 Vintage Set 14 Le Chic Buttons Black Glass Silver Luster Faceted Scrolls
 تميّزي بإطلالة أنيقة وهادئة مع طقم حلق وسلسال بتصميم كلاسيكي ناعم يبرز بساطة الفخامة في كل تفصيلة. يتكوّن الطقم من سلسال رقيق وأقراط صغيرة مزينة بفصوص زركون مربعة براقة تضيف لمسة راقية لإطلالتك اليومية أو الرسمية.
---
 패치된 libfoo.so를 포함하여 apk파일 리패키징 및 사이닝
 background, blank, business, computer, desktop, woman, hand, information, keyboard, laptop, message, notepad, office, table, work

Exercise aim:
From the records above, copy only the lines starting with the line that holds "패치된 libfoo.so를 포함하여 apk파일 리패키징 및 사이닝" and going on through the line that holds "office, table, work", exactly as written.

Your response:
 패치된 libfoo.so를 포함하여 apk파일 리패키징 및 사이닝
 background, blank, business, computer, desktop, woman, hand, information, keyboard, laptop, message, notepad, office, table, work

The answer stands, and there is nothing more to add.